WHAT TO WORK ON
Your job is to give again, exactly and with no additions, the lines in the records below from the one with "[root@b9b472c89102 /]# nginx" through the one with "english bulldog su fondo nero", both included. Omit the pictures.

SUPPLIED MATERIAL
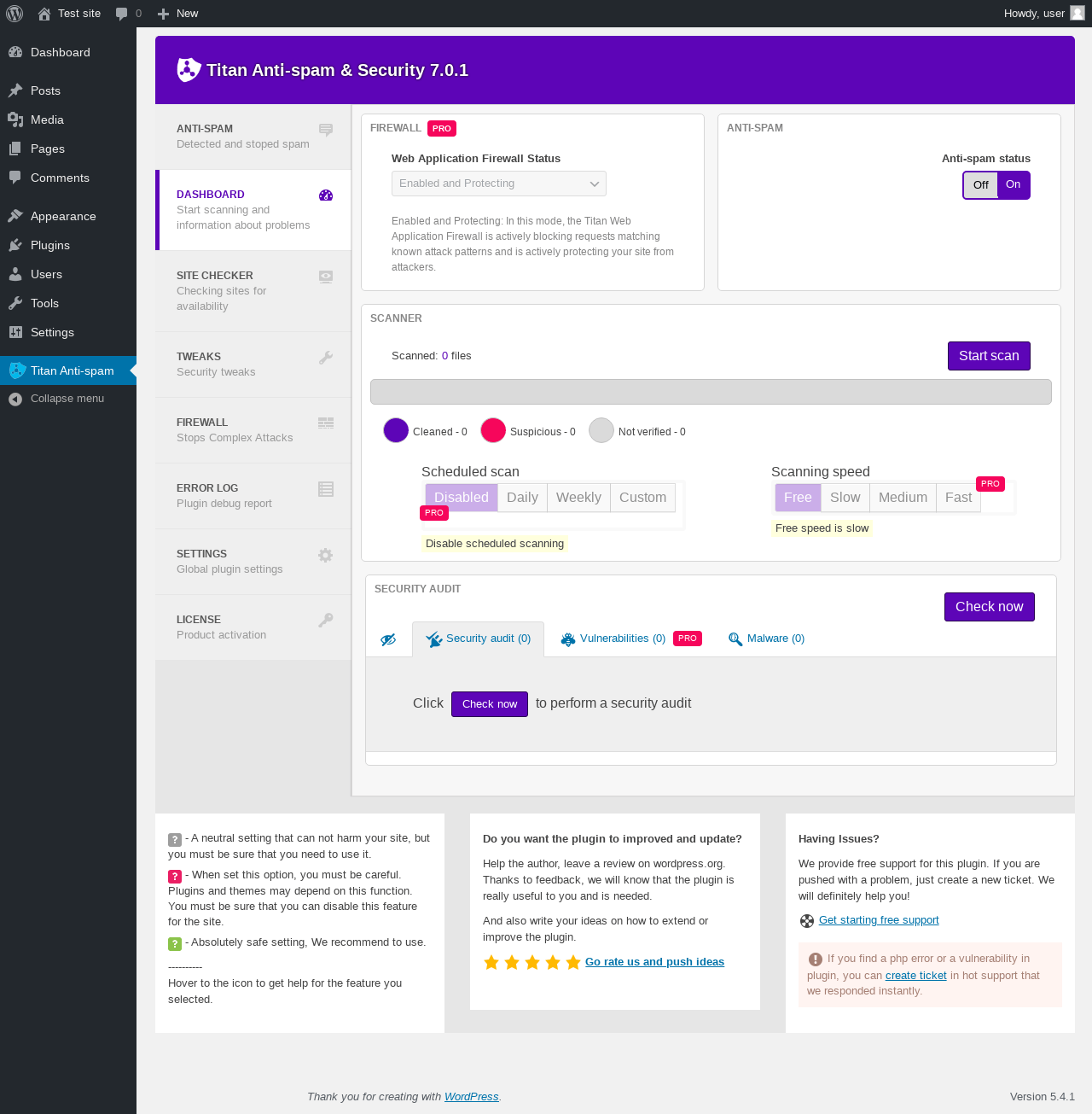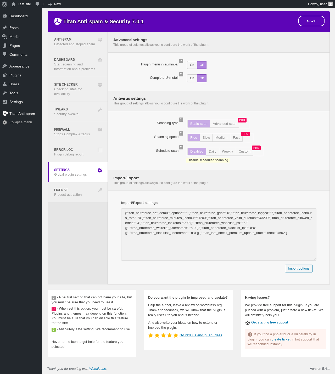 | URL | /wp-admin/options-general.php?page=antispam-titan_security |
==
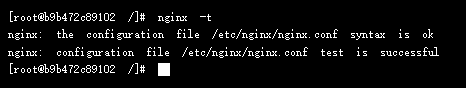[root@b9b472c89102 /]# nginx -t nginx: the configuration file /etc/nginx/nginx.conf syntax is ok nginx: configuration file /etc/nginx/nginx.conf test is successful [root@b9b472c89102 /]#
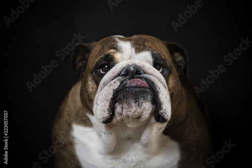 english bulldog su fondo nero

TASK RESULT
[root@b9b472c89102 /]# nginx -t nginx: the configuration file /etc/nginx/nginx.conf syntax is ok nginx: configuration file /etc/nginx/nginx.conf test is successful [root@b9b472c89102 /]#
 english bulldog su fondo nero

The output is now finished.